Breznik (Брезник /bg/) is a town in western Bulgaria, 50 km away from Sofia. It is located in Pernik Province and is close to the towns of Bankya and Pernik. Villages in the municipality include Begunovtsi, Dushintsi, and Velkovtsi.

==Etymology==
Its name is derived from the Bulgarian word breznik, referring to a birch forest, from the word for birch, бреза (breza). It is cognate to the Czech placename Březník.

==Geography==

The town is located in the historical-geographical and ethnographic region of Graovo. Breznik is the center of its northwestern end (Gorno Graovo), and Pernik of the southeastern (Dolno Graovo). The border between the two parts of Graovo is along the lines of the villages of Selishten dol, Palilula, Velkovtsi and Viskjar. The climate is humid-continental (Dfb).

==History==
Breznik was first mentioned in the 11th-century Story of Isaiah and Bulgarian Apocryphal Chronicle as БР(Ѣ)ЗНИКЪ; it was already a city by then. The town was mentioned throughout the 15th-19th centuries, attesting its continuous existence.

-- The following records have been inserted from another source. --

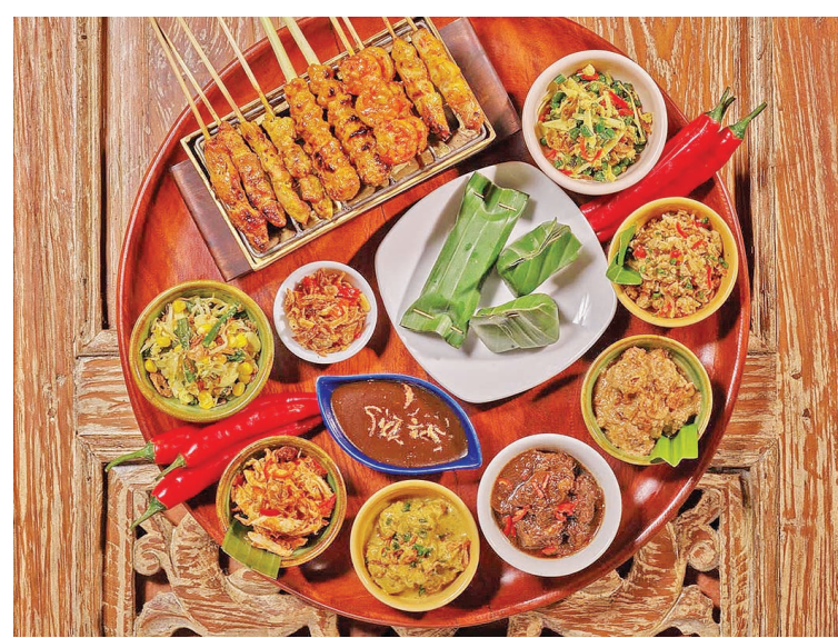
亨氏先生推荐的巴厘美食

年轻时期的亨氏先生偶尔在瑞士洛桑著名的咖啡店De La Paix实习时产生对烹饪的兴趣,后来八十年代在新加坡担任希尔顿和凯悦酒店总厨时,又迷恋上了美食摄影艺术。1990年,被调往巴厘岛担任君悦酒店行政总厨,随后在丽思卡尔顿酒店工作更是对巴厘及印尼美食产生了浓厚的兴趣。多年来,对美食和记录食谱的渴望促成撰写8本关于印尼和巴厘食谱的书籍,其中包括《Bali Unveiled(巴厘揭秘)》、《A New Approach to Indonesian Cooking(新手印尼烹饪突破)》、《Feast of Flavours from the Indonesian Kitchen(印尼厨房大宴美味)》、《The Little Indonesian Cookbook(印尼小食谱)》等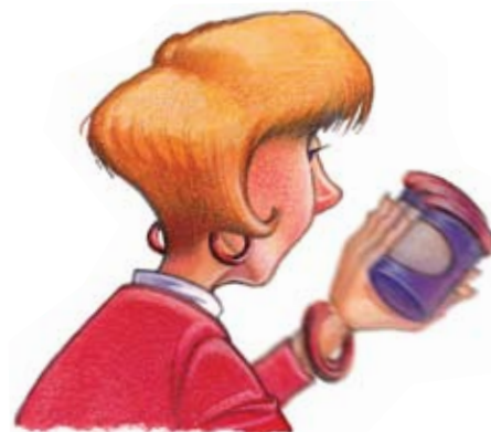
ਪੁੰਦਲਾ ਨਜ਼ਰ ਆਉਣਾ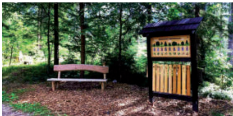
Náučný chodník Tále

Národnú chránenú kultúrnu pamiatku Hrádok (834 m. n. m.), sídlo niekdajších Keltov, tvorí sústava výšinných hradísk, ku ktorému vedie náučný chodník. Východiskovým bodom vašej vychádzky, ktorá bude dlhá približne 3,5 km, môže byť izba „Kelti na Horehroní“, ktorá je situovaná v centre obce Horná Lehota. Odtiaľ sa vydáte po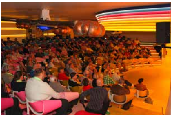
Die Delegierten bei der Arbeit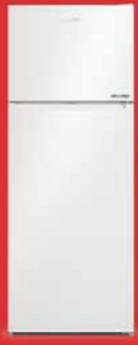
570477 MB No Frost Buzdolabı

Arçelik 3'lü Beyaz Eşya Çeyiz Seti 55.999 TL'DEN Başlayan Fiyatlarla!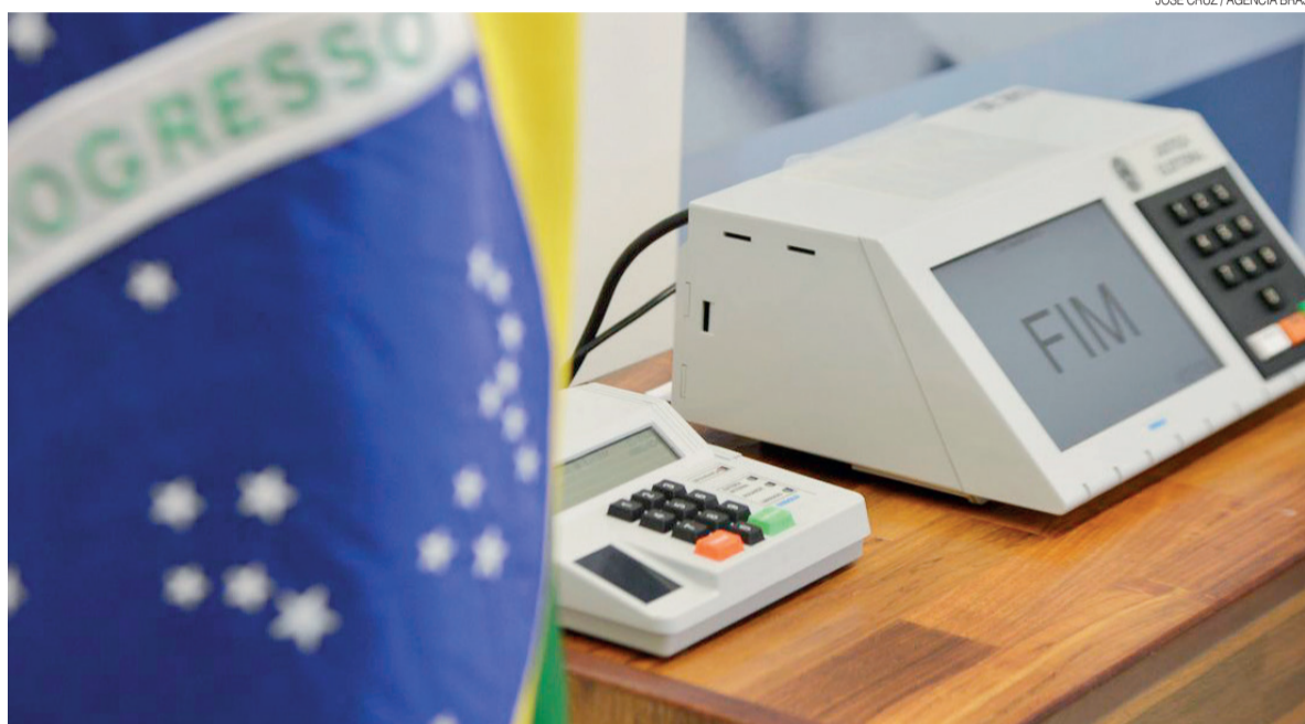
Eleitores vão às urnas no dia 15 de novembro para escolher novos prefeitos, vice-prefeitos e vereadores em mais de 5 mil municípios

A Justiça Eleitoral, porém, formulou regras para a campanha online, que deverão ser observadas rigorosamente pelos partidos, candidatos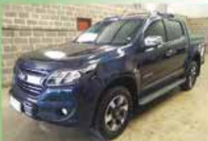
S 10 Yares Ano 2018

Breznik has played a proper role in the life of the Bulgarian state. We have inherited medieval cultural monuments. Of particular importance are the medieval church "St. Petka", the Revival class school, the megalithic temple-well "Empty Throat", the Chernogorski and Bilin monasteries, the remains of ancient churches, the old houses of architectural and artistic value as the twin house in the village of Kosharevo; the veranda houses in the village of Razhavets, etc. In almost all settlements in the municipality there are churches from the era of the Bulgarian Revival.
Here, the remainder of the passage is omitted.